Boeing first disclosed quality issues with seams on the fuselages of some of its 787s last year. The problems resulted in inspections that prompted Boeing to suspend deliveries of the planes to airline customers, depriving the company of cash.

Deliveries resumed briefly this year but were halted again in May for more inspections. Boeing has about 100 of the planes in inventory, analysts estimate. The company has repeatedly brought down the production rate for the jetliners. Over the summer, Boeing said it was producing fewer than five 787s a month.

"The company expects to continue at this rate until deliveries resume and then return to five per month over time," it said in a release.

In an interview with CNBC's "Squawk on the Street," Calhoun declined to give an estimate on when 787 deliveries to customers, which include American Airlines and United Airlines, will resume, saying it partly depends on the Federal Aviation Administration.

"The FAA continues to engage with Boeing as the company works to demonstrate the reliability of its proposed method for inspecting certain undelivered 787 airplanes," it said in a statement. "The FAA will not sign off on the inspections until our safety experts are satisfied."

The wide-body 787s are used mostly for long, international trips. Demand for those flights was hurt by the Covid pandemic but United, American and other carriers have reported a spike in bookings for trans-Atlantic trips as governments ease pandemic travel restrictions.

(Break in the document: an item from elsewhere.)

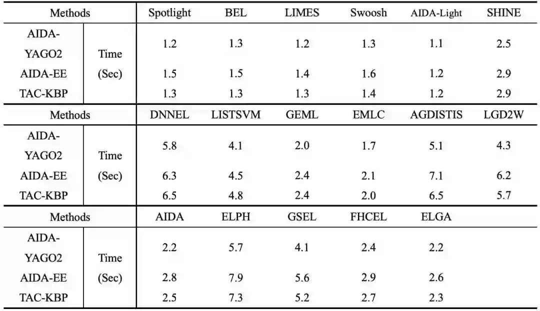 通过观察表2和表3,可以很容易看出实体对实体的方法比其他方法运行速度要快很多。事实上,实体对实体方法就是为线上使用特别设计的。为了减少运行时间,这类方法引入了一些限制。例如,LIMES需要相似度满足三角不等式,Swoosh需要相似度满足偏序。由于这些限制,实体对实体方法可以大幅度缩减运行时间。以AIDA-Light为例,它只需要1秒钟就可以处理1个名称指称。而另一方面,因为它们从不考虑实体之间的关系,而且一些限制在实际应用中过于严格,所以它们的准确度非常低。正是由于此原因,它们的F1值也很低。相反的,基于集体链接的方法在所有测试集上都具有较高准确度。这是由于基于集体链接的方法构建了一个可以捕获实体之间关系的图,并且在图中不具有额外的限制。因此,具有很高的准确度。然而,基于集体链接的方法需要为图中的节点赋权(EMLC和AGDISTIS),或分析图的结构 (ELPH,GSEL和FHCEL),或将实体之间的关系整合到一个目标函数中(LGD2W和AIDA)。这些过程都是耗时的。EMLC和AIDA试图通过减少图的规模来减少运行时间,FHCEL使用爬山优化算法来解决NP问题,然而这些方法都会降低准确度。基于机器学习的方法取得的效果介于实体对实体方法和基于集体链接的方法之间。原因是基于机器学习的方法收集名称指称的上下文作为训练语料,训练了一个分类器来区分候选实体。此方法可以最大程度地应用名称指称上下文中的有用信息。例如名称指称的位置、名称指称的长度以及名称指称的词性等。基于此,基于机器学习的方法比实体对实体的方法具有更高的准确度,但是同样由于基于机器学习的方法没有考虑实体之间的关系,它的准确度要比基于集体链接的方法低。至于训练时间,既然基于机器学习的方法有一个训练过程并且这个过程是很耗时的,它的运行时间比实体对实体的方法要长。和基于集体链接的方法比较,基于机器学习的方法的训练过程只对一个实体进行。因此它们的运行时间比基于集体链接的方法的运行时间要短。在基于机器学习的方法中有一个例外,那就是DNNEL。这个方法将名称指称的稀疏上下文向量通过神经网络转化为稠密的向量,此向量可以在一定程度上反映实体之间的关系。但是这种转换是非常费时的,因此虽然DNNEL耗时很长,但它拥有和基于集体链接的方法类似的准确度。我们的算法(ELGA)也是一种基于集体链接的算法,并且它通过用路径连接所有相关的候选实体来构建了一个相对完整的实体图。基于实体图我们提出了一个基于概率的目标函数,这个目标函数考虑了实体之间的关系以保证获取精确的链接结果。除此之外,如表2所示,我们的链接算法在三个测试集上的显著性测试结果都达到了0.01水平。这意味着我们的链接算法比其它基线算法表现得更加出色。关于运行时间,由于我们的算法采用贪心策略和调整过的蒙特卡洛随机游走来加快速度,使得算法比其他的基于集体链接的算法的运行时间更短,它甚至短于一些基于机器学习的方法的运行时间,与实体对实体的方法接近。

When asked whether airlines have enough planes for the travel rebound, Calhoun told CNBC, "Well, they do today.

"I think by the time we get into the second half of next year, I think everyone will will be working hard on those fleet plans," he said.

Boeing has been mired in back-to-back crises since the first of two deadly crashes of its 737 Max three years ago. While it grappled with a 20-month grounding of the planes, the coronavirus pandemic decimated travel and aircraft demand.

The company delivered 62 737s in the quarter, the most since the first quarter of 2019, Calhoun said. It is producing 19 Max planes a month, up from 16 in July. It stuck with a forecast to ramp up output to 31 a month in early 2022. Further production-rate increases will depend on the state of the supply chain, he said during the quarterly call.

Chinese regulators still haven't signed off on the Boeing Max, the biggest hurdle left in returning the planes fully to service. But Boeing said it expects to get Chinese regulators' approval by the end of the year and for deliveries to airlines in that country to resume in the first quarter of 2022. Test flights to recertify the plane in China began in August.

The company has about 370 Max planes in inventory and said that the "vast majority" have owners and that if its projections for China deliveries hold up, it will deliver most of them by the end of 2023.

Boeing's shares fell 1.5% to $206.61 on Wednesday. They're down 3.5% so far this year, compared with a 21% gain in the S&P 500.

Correction: Boeing said its third-quarter revenue rose to $15.28 billion, up 8% from $14.14 billion a year ago. An earlier version misstated the year-earlier figure.